Almost everyone is well aware of the heart-healthy benefits of soy for the heart. Researchers from the University of Toronto with the help of a number of clinical trials from the last two decades supports that soy has the potential to show the consistent lowering effect of cholesterol.
The study asks the U.S. Food and Drug Administration to consider again the health claim made for soy and its beneficial impact on heart disease.
David Jenkins, lecturer of nutritional sciences and of medicine at the University of Toronto says in an interview that since the claim for soy as a reducer of cholesterol has been raised in 1999, it is still in question. And no data has been changed.
The findings of the research paper “Cumulative Meta‐Analysis of the Soy Effect Over Time” appear in the journal American Heart Association.
The two main contributors of the heart diseases
Low-density lipoprotein and cholesterol are the main two contributing factors for heart disease. Researchers previously showed how soy helps in protecting the heart by reducing both to a great extent. Same results were observed in all the 46 trails in 2017 except the recent one which shows slight variations.
John Sievenpiper, coauthor of the study, lecturer of nutritional sciences at the University of Toronto and a clinical researcher explains how small cohort studies together produce more precise results and larger effect. Researchers observed it in the fish oil but nothing has changed regarding this.
Researchers performed a cumulative meta-analysis in which they compared all the trials altogether. They also compared the trials individually with the data of the new trials. It is expected that FDA will soon (in summer) take a decision over this health claim of soy. They will either abjure the health claim or will continue it.
Jenkin is a scientist in the Joannah & Brian Lawson Centre for Child Nutrition at the University of Toronto and a clinician-scientist at St. Michael’s Hospital. He says that the analysis of the data strongly supports the FDA heart health claim of soy.
He also explains that it is important to note the percentage reduction in cholesterol which was five percent. And gets much stronger when combined with other plant-based foods in a portfolio.
Jenkin with his team members in the 1980s made a glycemic index showing the content of sugar in various foods. Recently he with his team came up with a dietary portfolio which can decrease the risk for heart diseases by approximately 30%. This dietary portfolio includes nuts, plant sterols, plant-based protein, and viscous fiber.
What does FDA have to say about this?
This dietary portfolio has been accepted by Heart UK and the European Atherosclerosis Society. While FDA is focusing on health claims made for other plant foods mentioned in the portfolio.
Jenkins says it is sad to see that the FDA has only focused on soy leaving behind other foods in the portfolio. He says that if one thing is disturbed in the portfolio, then other plant-based foods are there to support it especially when it is concerning health and environment.
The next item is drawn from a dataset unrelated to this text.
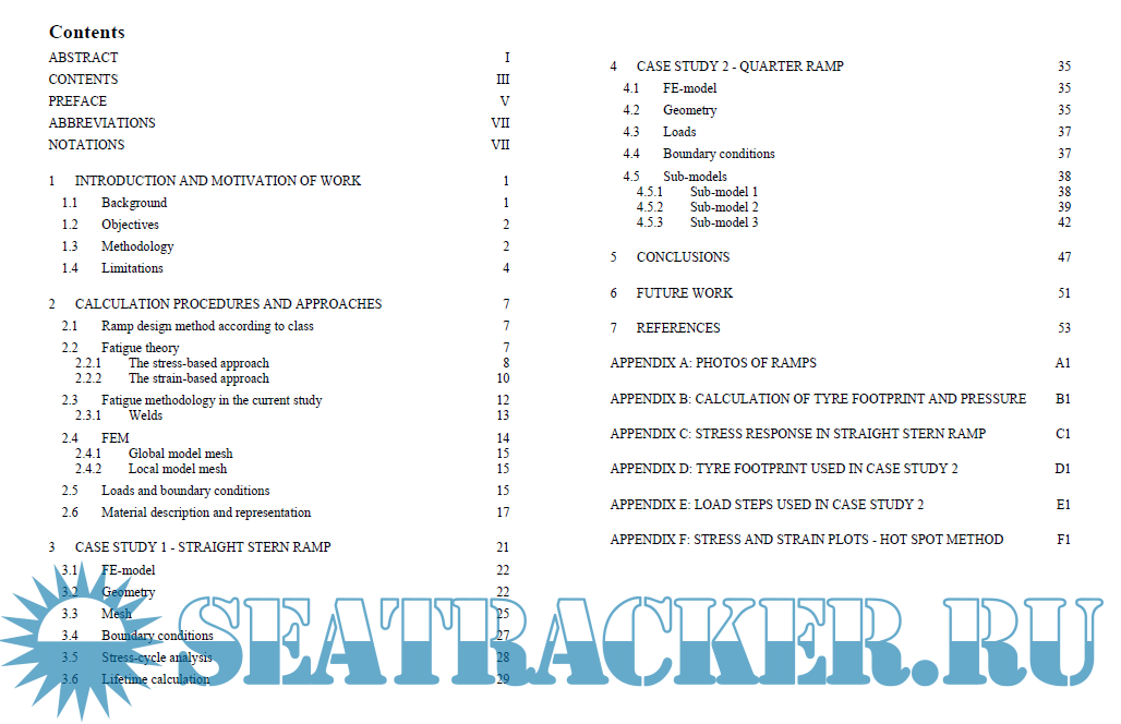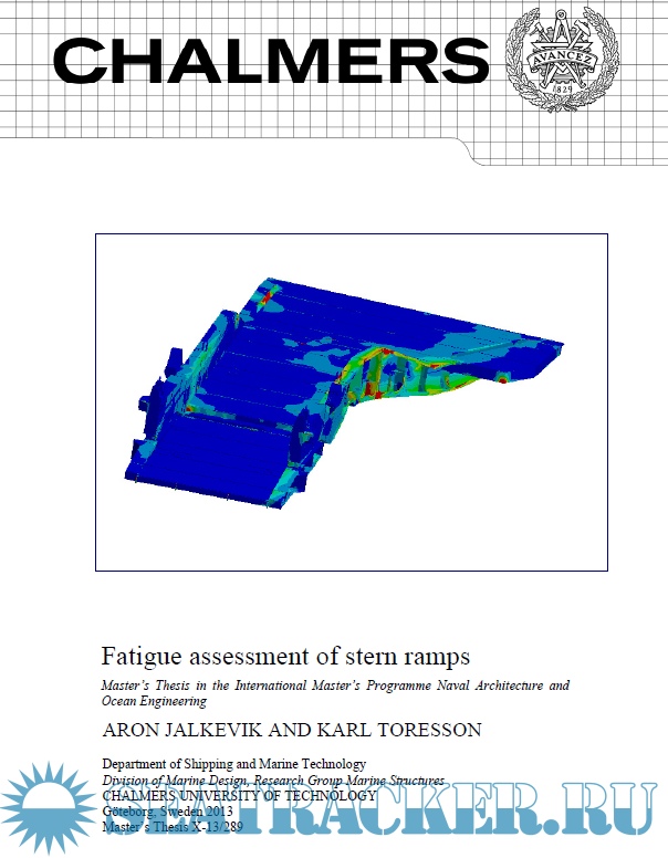 Year: 2013 Language: english Author: ARON JALKEVIK AND KARL TORESSON Format: PDF Quality: eBook Pages count: 82 Description: Master’s Thesis in the International Master’s Programme Naval Architecture and Ocean Engineering RoRo ships are an important ship type in transports at sea today. Reliable designs of their loading ramps are required to ensure the safe and efficient loading and unloading of cargo. Today, most ramps are designed against ultimate strength despite the fact that they are subjected to repeated loading from rolling cargo. The class rules, however, do not take fatigue damage into consideration. In this thesis, two RoRo ramps have been investigated from a fatigue point of view. An existing method for performing fatigue assessment and life estimations is to be modified to suit RoRo ramps in the future. The ramps investigated are a straight stern ramp and a quarter ramp. Two different methods have been used for investigating these ramps. On the straight stern ramp, fatigue damage has been found in the form of cracks in a specific area. Focus has therefore been on investigations of this area. First by stress analyses and subsequently by fatigue analyses based on these stresses. On the quarter ramp no such area is known and therefore a global stress analysis of the ramp has been performed to identify areas with stress concentrations and subsequently sub-models of these areas have been created to get more accurate stress levels in these areas. After the local stresses have been calculated, the stresses are used for estimating the fatigue life of the structure. For the fatigue assessment of the ramps, mainly the stress-based approach has been applied. The number of cycles to failure has been calculated and estimations of the load spectrum were made in order to give an approximation of the fatigue life.

Currently, government, several non-profit and funding institutions are supporting the cause of Professor Jenkins and Sievenpiper. These institutions also include the ones who promote soy and plant-based foods in the diet.
Read also- Is Soy Sauce Bad for Your Health?
Jenkins further asks for support from the public. He says that people are moving to an age of plants based diet and it would be disturbing to see this shift. Plant-based food producers, industries and retailers should get the necessary help they deserve to sell their items.